# card write protected



## kriti (Jun 10, 2012)

yesterday my canon 500d refused to take photos, the message on screen is, card write protected, i've done everything in the book but can't fix this. will i have to take it to canon or can someone tell me how to fix this


----------



## charlie76 (Jun 10, 2012)

Gonna have to reformat maybe


----------



## SCraig (Jun 10, 2012)

Is it write protected?  There is a slide switch on the side of SDHC cards that will write protect them.  Are you sure yours isn't in the protected position?


----------



## Trever1t (Jun 10, 2012)

^what he said, it slides up 'n down.


----------



## kriti (Jun 10, 2012)

SCraig said:


> Is it write protected?  There is a slide switch on the side of SDHC cards that will write protect them.  Are you sure yours isn't in the protected position?
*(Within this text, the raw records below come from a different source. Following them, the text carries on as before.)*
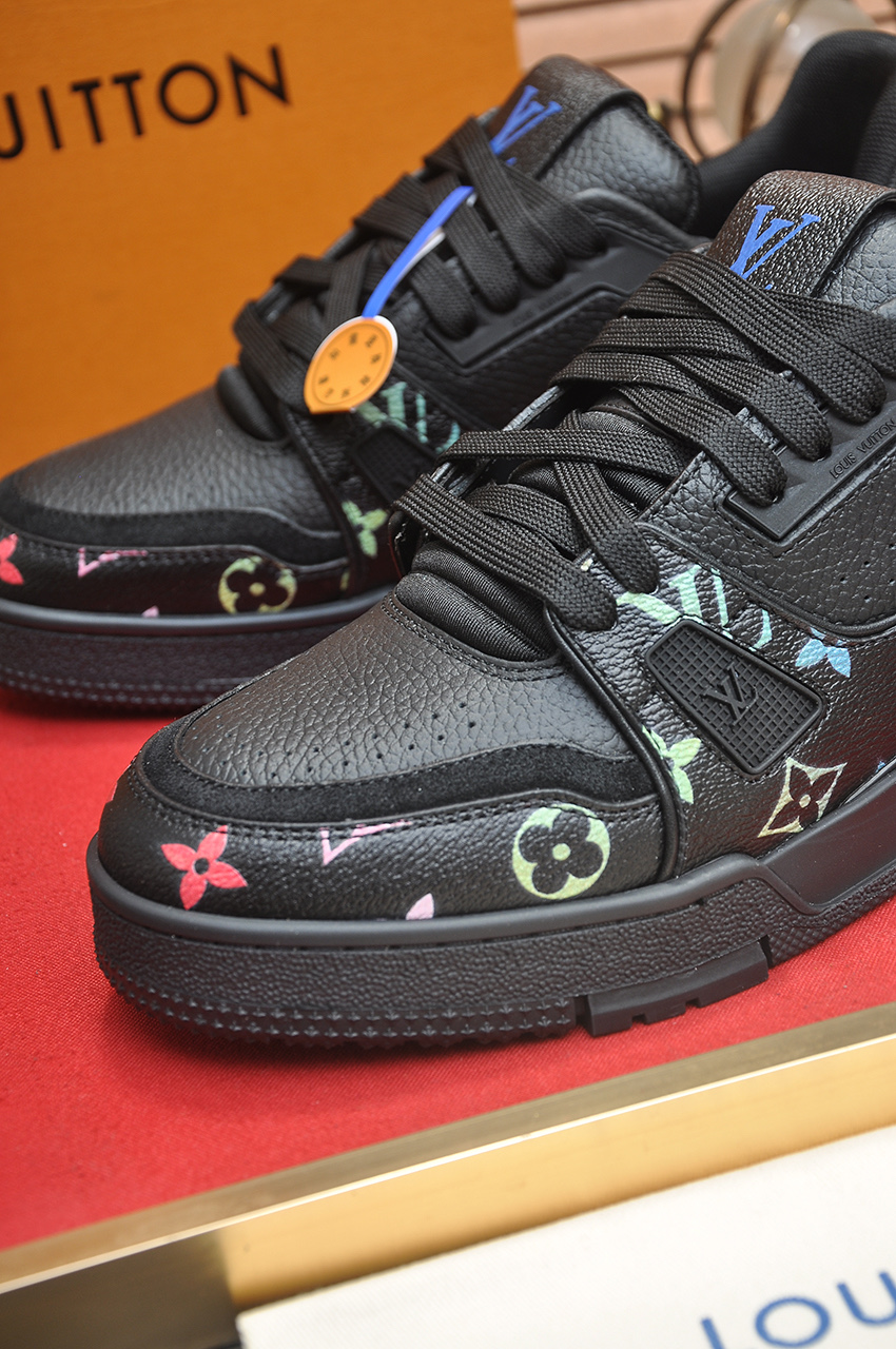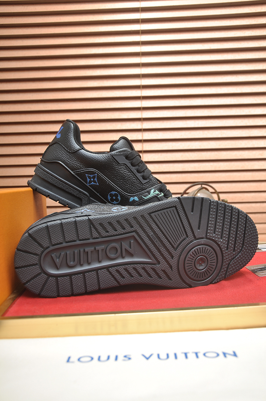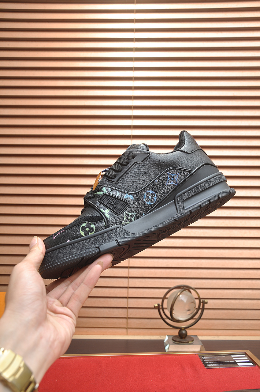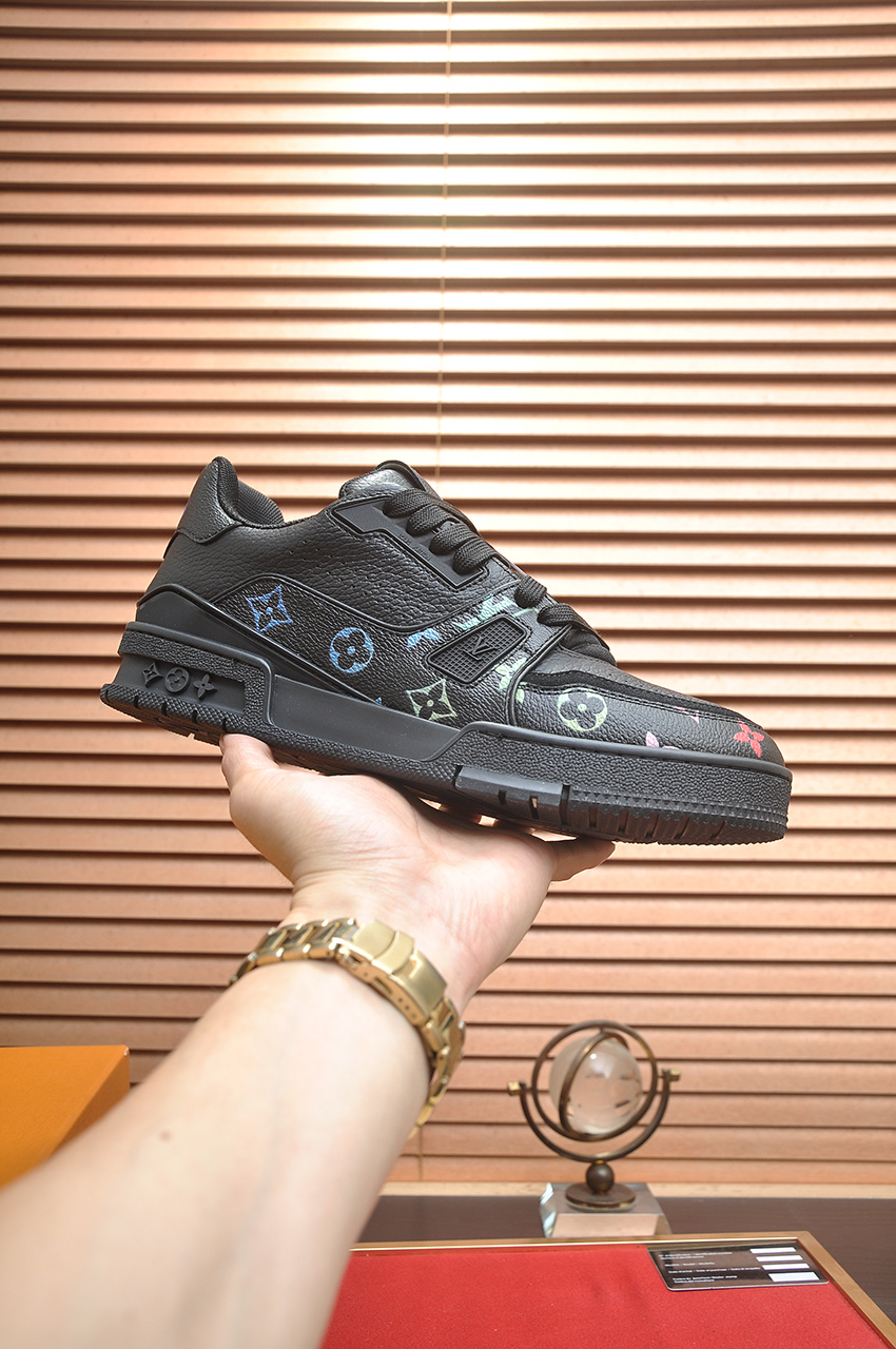 这款鞋子是AAAAA 1:1 质量 (非常棒). 使用了和原版一模一样的材料. 商标部分也保持了和路易威登/Louis Vuitton一样. 图片拍摄是实物鞋子拍摄, 您所收到的实物保证和我们图片一模一样.
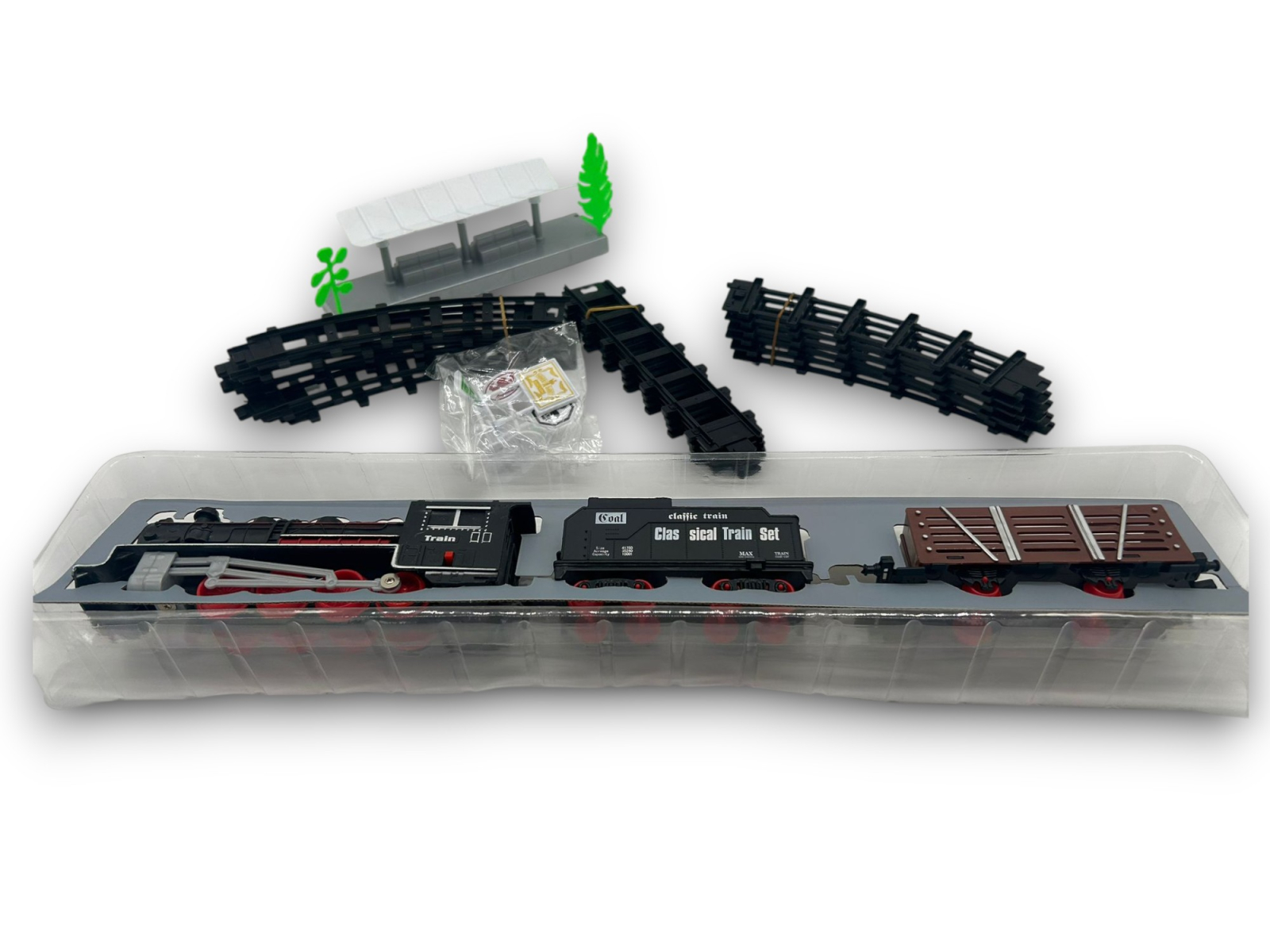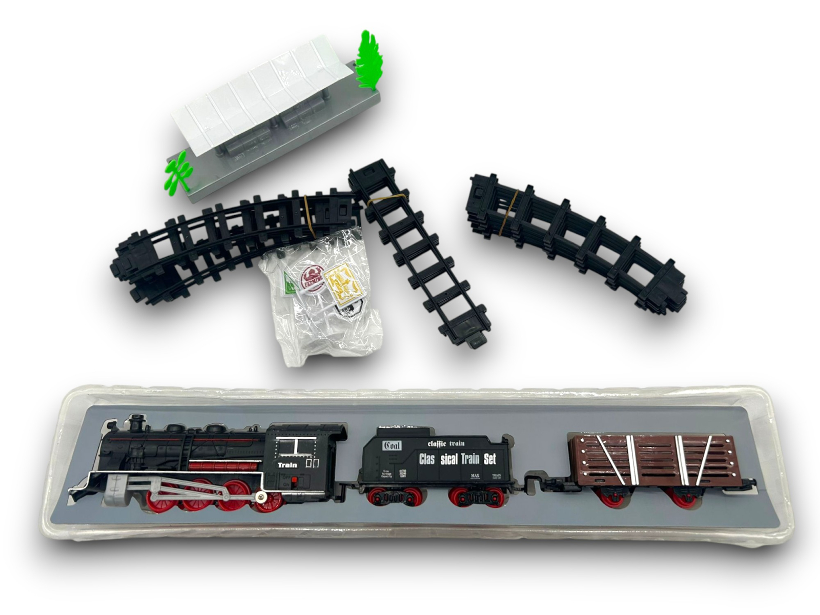 Setul include locomotiva, 2 vagoane, gara, șine și semne de trafic feroviar, toate ușor de asamblat. Perfect pentru copii, dar și pentru colecționarii pasionați de trenuri clasice.
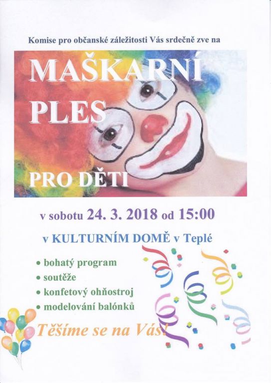 Maškarní ples pro děti 24.3.2018, DK Teplá
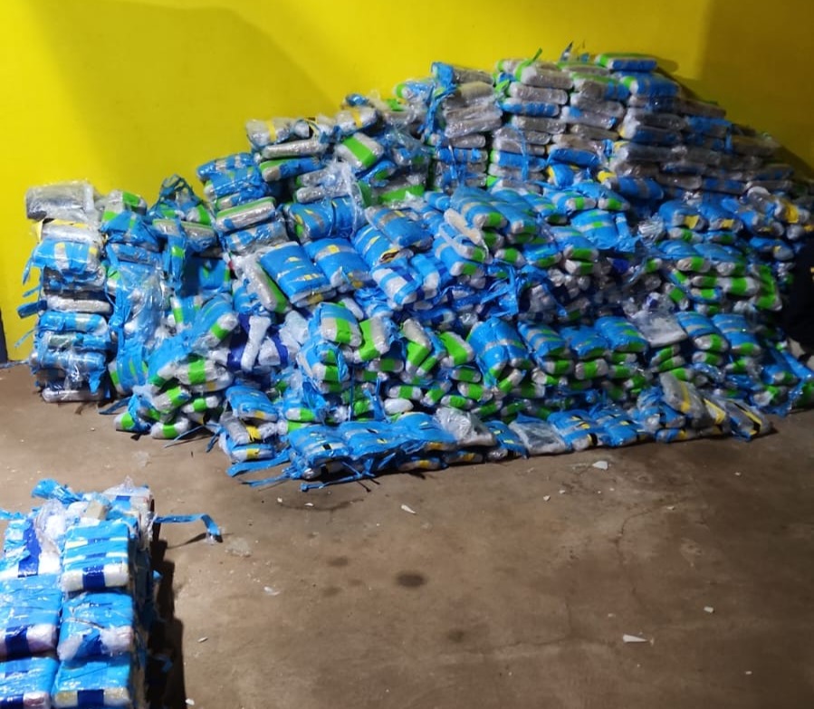 A droga estava escondida entre uma carga de sucata, composta por estruturas semelhantes a canos de PVC envoltos por lona, o que dificultava a identificação visual imediata e indicava tentativa de burlar a fiscalização.
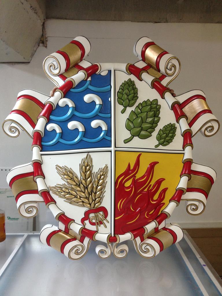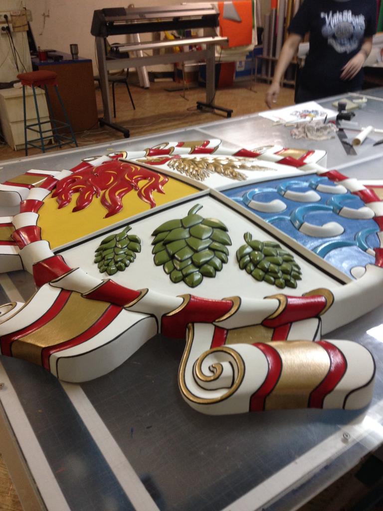 Изготовление и монтаж объемных букв и герба. Технология изготовления герба: модельный пластик, 3D резка, нанесение акриловых красок. С обратной стороны – выборка фона, установка светодиодной подсветки (свечение контражур, цвет теплый белый). Объемные буквы из нержавеющей стали (цвет золото), с упор-загибами под заднюю стенку, толщина буквы 60 мм. Задняя стенка прозрачный акрил 4 мм с транслюсцентной пленкой Oracal 8500 (цвет белый). Внутренняя подсветка – контражур, светодиоды (цвет теплый белый). Крепеж на относе от основы на 50 мм.
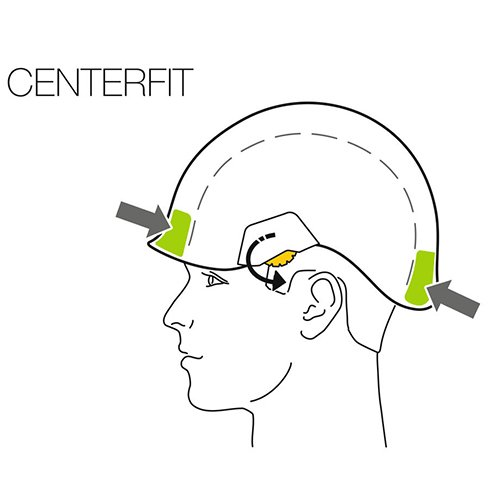 - دارای سیستم CENTERFIT که به لطف دو چرخ تنظیم جانبی، کلاه ایمنی را روی سر ثابت میکند.
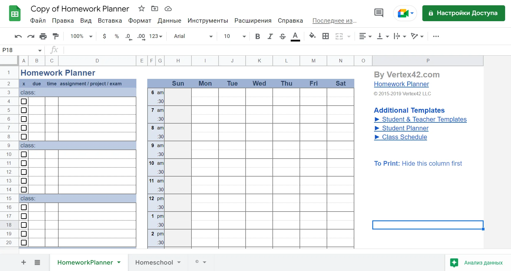 Чтобы использовать готовый шаблон, кликните по ссылке. Потом выберите «Файл → Создать копию», укажите название и папку для сохранения. Нажмите «Скопировать» — копия документа откроется в новом окне. Дальше вы можете редактировать таблицу по своему усмотрению.
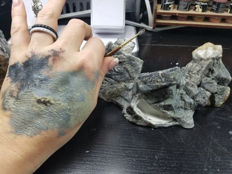 Then I took some armor grey, concrete grey, moldy skin, and shadow grey and blobbed them on top of the other liner colors. These colors were used in a much more dry manner, and I mixed them all up so it didn’t end up as distinctive blobs of one particular color.
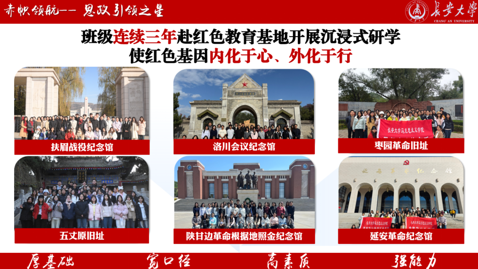 “功崇惟志,业广惟勤。”作为新时代的马院人,班级成员深知理想信念是指引前行的灯塔。班级41人递交入党申请书,“推优入党”通过率、“青年大学习”参与率、团费缴纳率持续保持100%,获评校“五四红旗团支部”,高质量开展挺膺担当砺青春,奋楫笃行向未来——纪念五四运动105周年”主题示范团日活动等10余次主题团课与团日活动。在理论实践层面上,班级精心组织“百人百讲”员工微宣讲等专题活动12场次,开展大中小国防教育主题教育活动,累计获得《中国青年报》、《中国教育在线》《陕西日报》等10余家主流媒体报道推广。连续三年组织员工赴延安革命旧址等红色教育基地开展沉浸式研学,触摸历史、对话英雄。
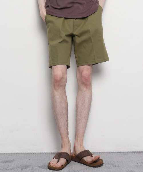 theabon Men's Basic Cotton Span Banding Cotton Shorts Khaki
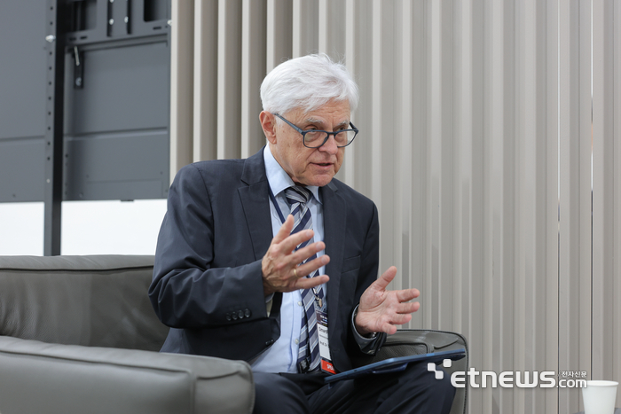 데틀레프 쥘케(Detlef Zuhlke) 박사가 지난 27일 서울 강남구 삼성동 코엑스에서 열린 'AIoT 위크 코리아'에서 본지와 만나 인터뷰를 하고 있다. |
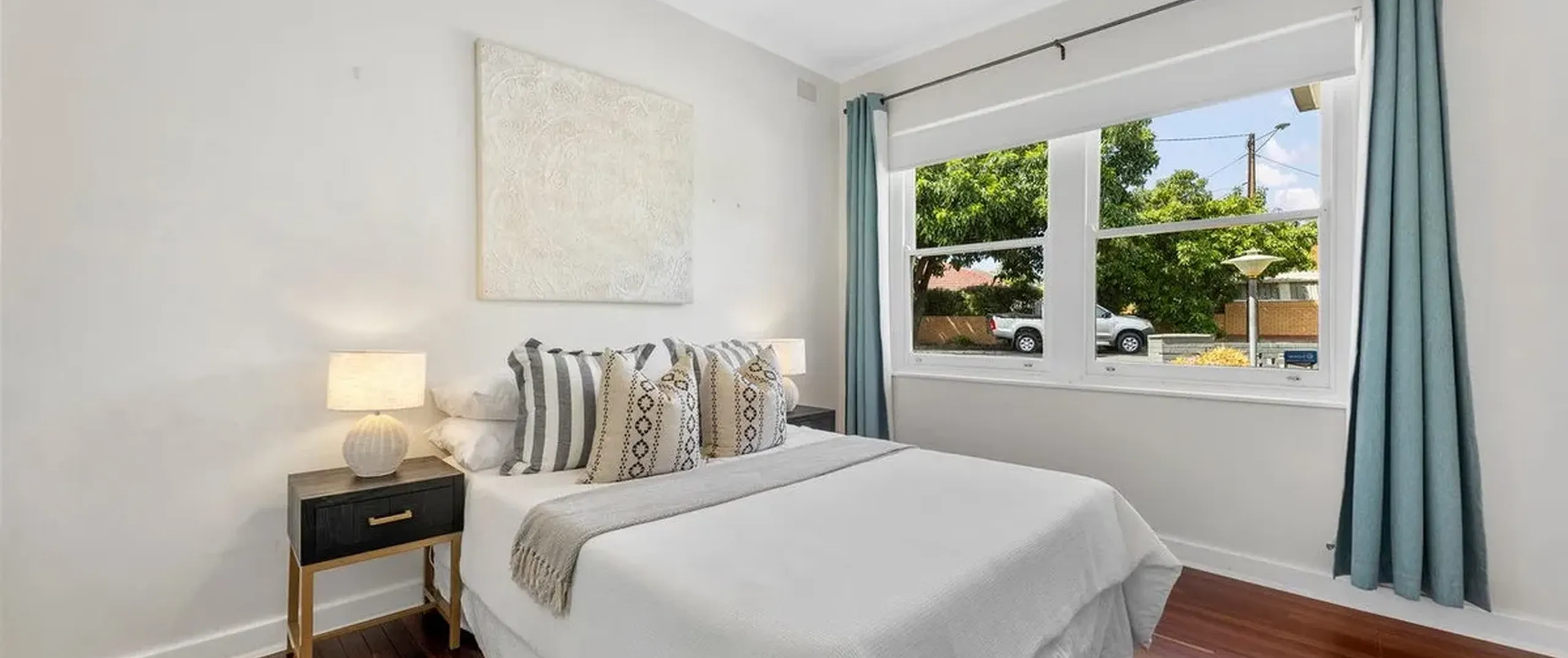 - 2 bright ground floor bedrooms, with timber floors and 1 with ceiling fans
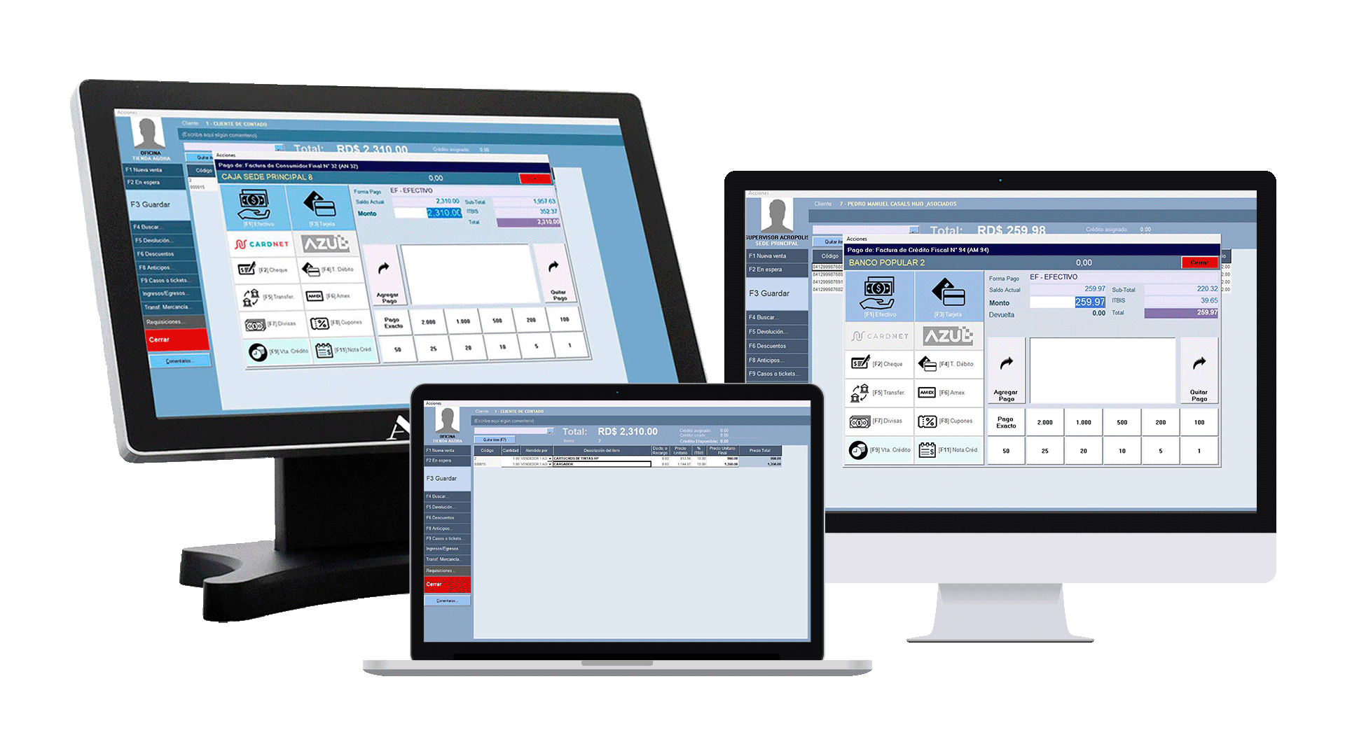 - Integración con paneles de cobro con tarjetas, lectores de código de barra/QR, cajones de dinero, visores de precios, impresoras fiscales y facturación electrónica
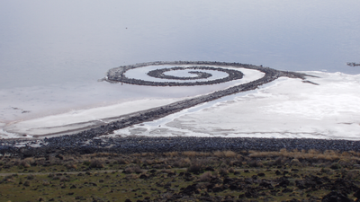 Spiral Jetty by Robert Smithson from atop Rozel Point, in mid-April 2005
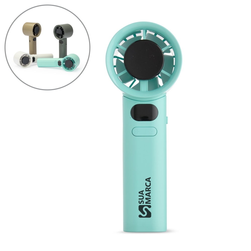 Mini ventilador recarregável em plástico e metal. Possui controle de velocidade ajustado por botões frontais, acionamento por chave seletora e painel de LED que exibe níveis de velocidade e carga da bateria. Acompanha cabo USB-C e cordão em nylon.

 have done that, also took card from camcorder and put in camera, got same message, "card write protected". so i think it's the camera, tried everything in the book but no luck.


----------



## kriti (Jun 10, 2012)

charlie76 said:


> Gonna have to reformat maybe


when i go on format i get the same message "card write protected"


----------



## ClickAddict (Jun 10, 2012)

Heard of same problem with multiple canons on another forum.  A solution which cleared up the error message which worked for many (Although they could not explain why.) was to slightly "jiggle" the card back and forth while inserting it.  Make sure camera is off while doing this.  

Other options which some claimed fix theirs was removing all the batteries and or going through the menu clearing all the settings and then turning off and on.


----------